The Alchemy of Empire is an interdisciplinary study, and it is necessary to recognise that Sudan’s research occupies a niche area of scholarship on Enlightenment science. On the one hand the book contributes to the transnational turn in the historiography of British history, on the other hand its sustained literary focus offers a sophisticated analysis of the symbolic significance of colonial technologies in eighteenth-, nineteenth- and twentieth-century English literature. Moreover, Sudan frames both her historical and literary analyses within the paradigm of alchemy. The unique nature of Sudan’s study can be somewhat disorientating for the reader. The Alchemy of Empire shifts between its historical and literary focuses; for instance, Chapter Two is almost entirely centred on the historical significance of mortar and nutmegs in the British Fort St George in Madras, whilst Chapter Five is largely an in-depth literary analysis of the role of court plasters and paper in Jane Austen’s Emma.

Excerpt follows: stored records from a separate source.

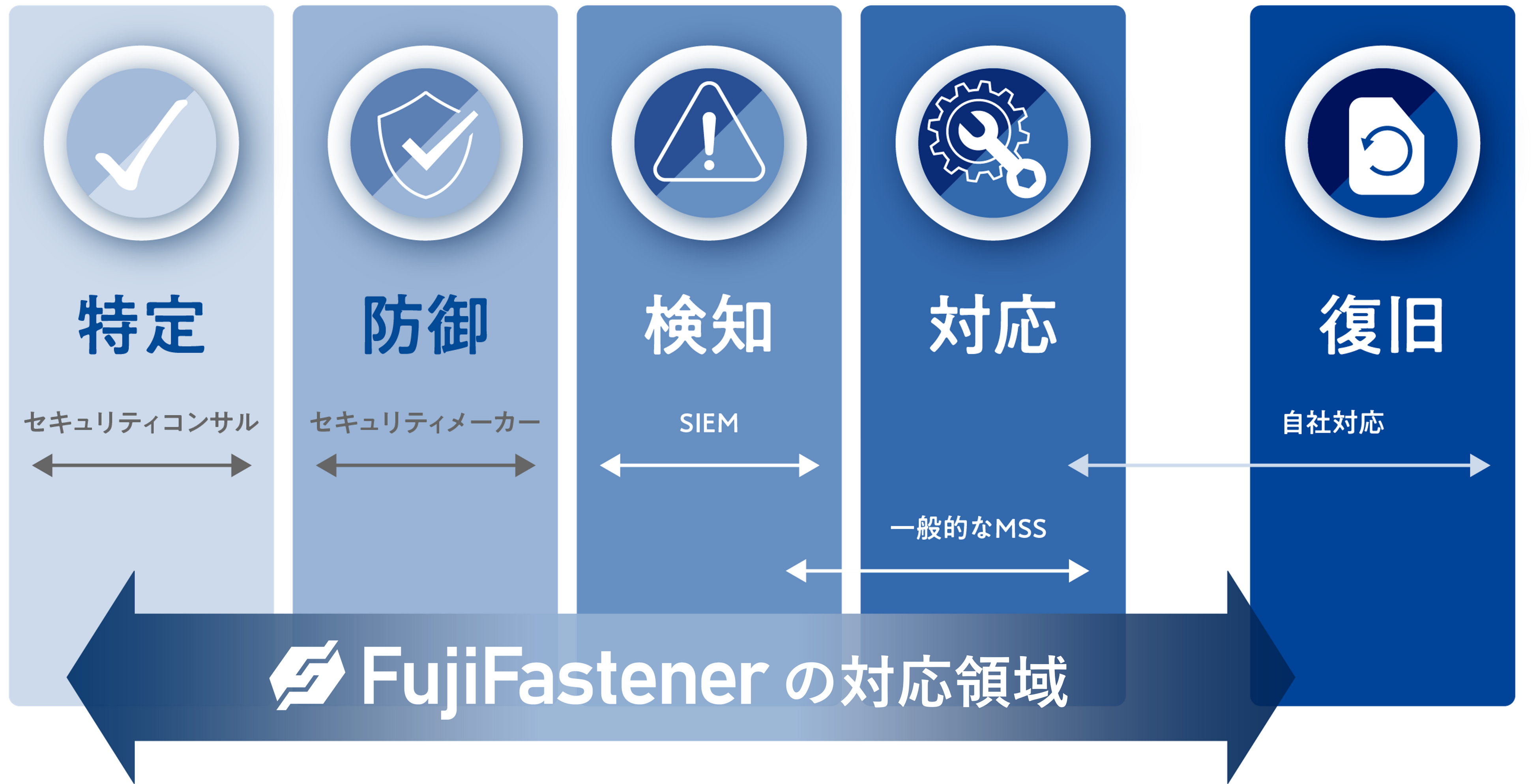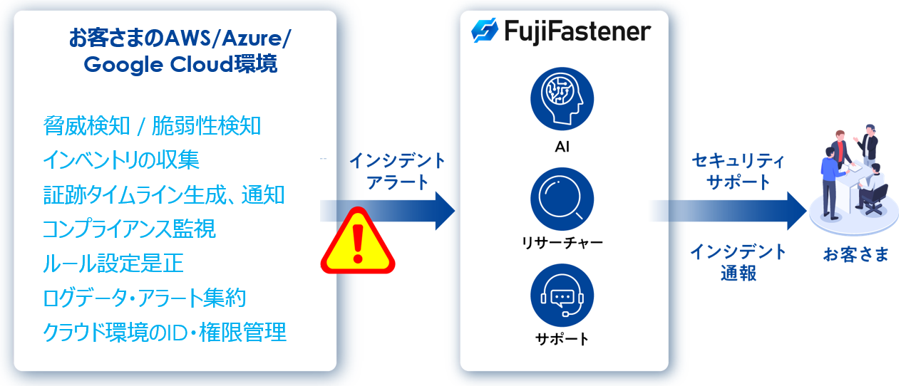 FujiFastenerは、セキュリティエンジニアとAIにより、各種セキュリティサービスに対するログやアラートを集約、お客様環境にあわせたトリアージを実施し、脅威レベルに応じたアラーティングを実施いたします。また、お客様の組織体制、課題・状況に合わせて柔軟に導入できるため、お客様のクラウド環境の万全なセキュリティを実現し、業務負荷を大幅に削減できます。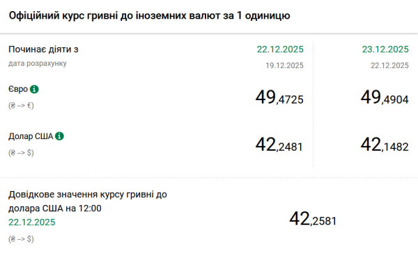 Офіційні валютні курси на вівторок, 23 грудня, будуть такими: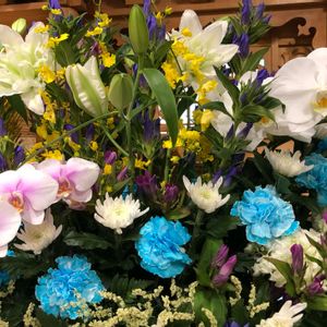 義祖父99歳の、お花に拘った菊が少なめの祭壇 義父が育種研究者ということもあり、生前の義祖父の希望も取り入れて、いろんな花で飾られていました。 造花はありません。 ブルーのカーネーション。今回は白の花に水彩絵の具を吸水させたそうです。 食紅もとっても良いそうですが、色はこちらの方が安定しそうです🩵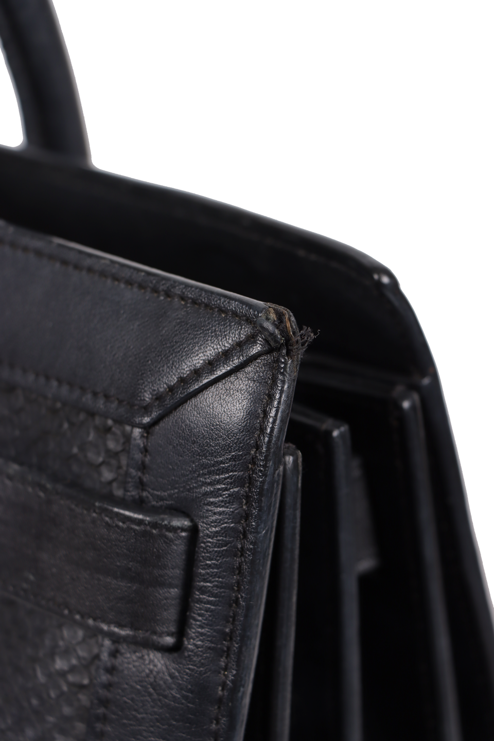 Regular. Apresenta severos desgastes e marcas de uso pelo couro, especialmente nos cantos da base, do lado direito frontal, na parte superior frontal, alças e na parte superior de trás, notáveis deformidades pela estrutura nas partes centrais da frente e de trás e na alça de mão frontal, consideráveis fissuras, aberturas e desgastes nas selagens, principalmente nas alças de mão, cantos superiores e nos cantos da base, consideráveis marcas de uso e oxidações nas ferragens internas e severas manchas e marcas de uso pelo forro.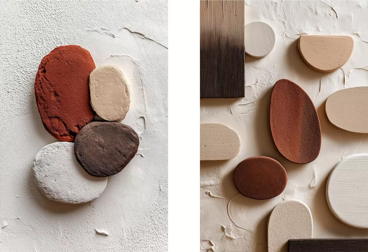murales Composiciones abstractas con formas geométricas volumétricas sobre fondo texturizado m00597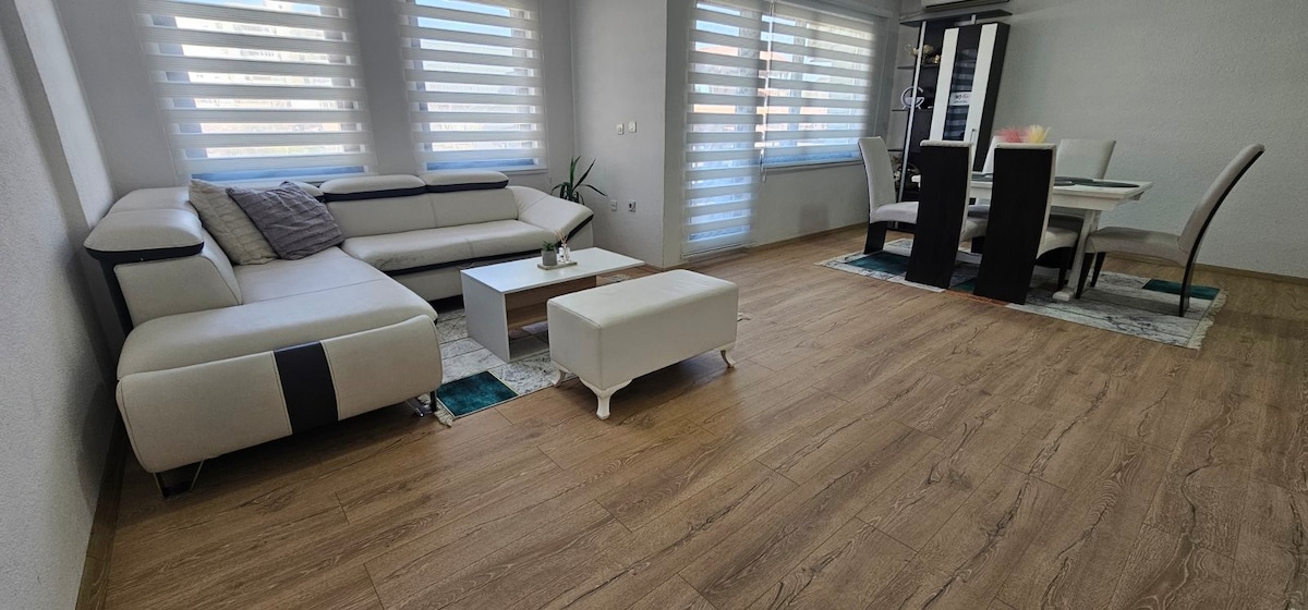 New apartment with mountain view. Welcome to a bright and fully furnished 65m² apartment just 10 minutes from the stunning Matka Canyon. -This modern unit includes a spacious living room with a sofa bed and 55" smart TV. -Kitchen with dining area. -Ideal for couples, small families, or nature-loving travelers. -Quick access to hiking, kayaking and boat tours. -12 minutes to downtown Skopje. -Safe residential neighborhood. -Free parking in garage. -Restaurants, parks, shops and bus nearby.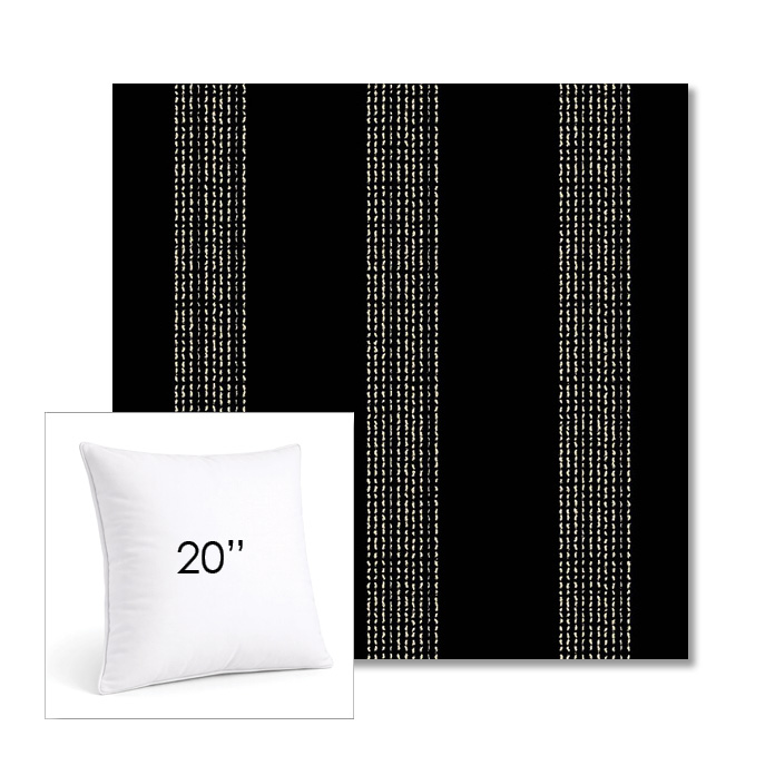 Custom 20" square outdoor pillows available in over 700 Sunbrella® fabrics. Choose piping or knife-edge finish with optional covered button detail. Each pillow includes a zipper opening and premium outdoor insert for comfort, durability, and long-lasting outdoor performance.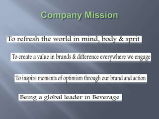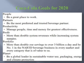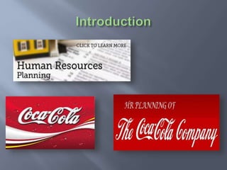 This presentation discusses human resource planning at Coca Cola Company. It explains that the company forecasts future needs, including positions that will require new skills and knowledge, and whether those positions will be filled internally or externally. The presentation also notes that Coca Cola developed HR policies and procedures early on to anticipate future human resource needs. It concludes with recommendations.

One would hardly expect to find these examples of historical and literary expertise alongside one another in the same book. The result is that it can be difficult to follow Sudan’s argument from cover to cover; a historian, for instance, may find Sudan’s literary analysis – which is in parts esoteric – difficult to decipher. Nevertheless, Sudan successfully ties these different styles together through the theme of colonial technology and her interdisciplinary approach is particularly successful where she neatly integrates literary sources into her historical analysis, such as using Burmese Days as a stimulus for her discussions on ice and inoculation. Given its interdisciplinary scope, therefore, The Alchemy of Empire will be a valuable point of reference for a range of scholars.